“This isn’t your job, my girl!” he said cheerfully, pressing her back into her seat. “You stick to Dandy there, and grit your teeth a minute longer. I’ll have things straightened out in two twos.”

He dropped into the ring with extraordinary lightness, while his daughter slipped a hand round Harriet’s unreceptive elbow, by way of conveying sympathy and keeping her quiet at the same time. Helwise fussed down to them, dropping things and repeating the bath-theme ad lib. The people near began to discuss hats and servants with feverish politeness, bringing a faint smile even to the victim’s rigid lips. The Member stood up and tried to see something at the back of the stand that wasn’t there, and of course all the grinders followed his example.

Hamer broke a path through the crush with his own pleasant directness of purpose. Everybody was trying to make Stubbs behave, and nobody was succeeding: neither Bluecaster, tongue-tied and ashamed, nor Lancaster, soothing and propelling, nor the High Sheriff, the Chief Constable, the Judges, the Secretary and Treasurer, the Referee in All Classes, nor the Police. It was a case of carrying Stubbs off bodily, and nobody liked to do it, for, in spite of language and check and abominable conduct, he was yet One of Us, and moreover his daughter watched from the stand. To them came Hamer the Outsider.

“Sir,” he observed to Stubbs, with the simple grace of touch that gave his every action charm, “I understand you to be an authority upon Rotifera. I should like your advice upon the mounting of certain specimens of Bdelloidaceæ that I have just obtained!”

Stubbs broke off half-way in a stream of adjectives beginning with the second and fourth letters of the alphabet, and stared; and everybody round, after a momentary impression that Hamer was drunk, too, wagged their heads and repeated “Bdelloidaceæ!” in a loud chorus, as if it were some kind of charm, until Stubbs himself began to say any bits of it that came foremost, without in the least meaning to.

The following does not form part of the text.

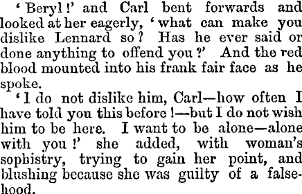* Beryl!’ and Carl bent forwards and looked at her eagerly, ‘ what can make you dislike Lennard so ? Has he ever said or done anything to offend you ?’ And the red blood mounted into his frank fair face as he spoke. ‘ 1 do not dislike him, Carl—how often I have told you this before ! —but I do not wish him to be here. I want to be alone—alone with you !’ she added, with woman’s sophistry, trying to gain her point, and blushing because she was guilty of a falsehood.

“I have also some fine samples of Pedalionidæ,” Hamer continued in his comforting tones, motioning Lancaster to call up his car as he engineered the offender towards the rope. “A remarkable species—most remarkable!—but perfectly familiar to you, I’ve no doubt. The Flosculariaceæ, too, not to speak of the Philodinaceæ—here we are, and mind the step!”

Stubbs made one last attempt to get up steam, but was throttled with a fresh animalculæ, hustled into the car and driven off. Lanty came back to the girls.

“I’m to drive you home, if you’ll allow me,” he said to Dandy; and “Can I find your bicycle?” to Harriet. “The third round will be through in a few minutes, but I’ll hand my job over to somebody, and we’ll clear off at once, if you like. Your man has the horse, so he’s all right. You’ve done well, to-day, haven’t you? How many firsts did you get? You and Wild Duck are bad to beat!”

Harriet grunted, but her face relaxed. It hardened again, however, as she stood up and took a last defiant look round before walking off the field. She cycled home behind the dog-cart, counting the times Lancaster’s eyes were turned to Dandy’s face. She was a trifle cheered when it began to rain heavily, and she was able to hand over the carriage-umbrella with an air of patronage, and splash along bravely in Burberry and K.; but, in spite of the “firsts,” in spite of having been proved infallible, her cup of bitterness, that day, was full.

Helwise chattered all the way as blithely as if erring fathers and shamed daughters did not exist. Bluecaster, it seemed, had promised the bath.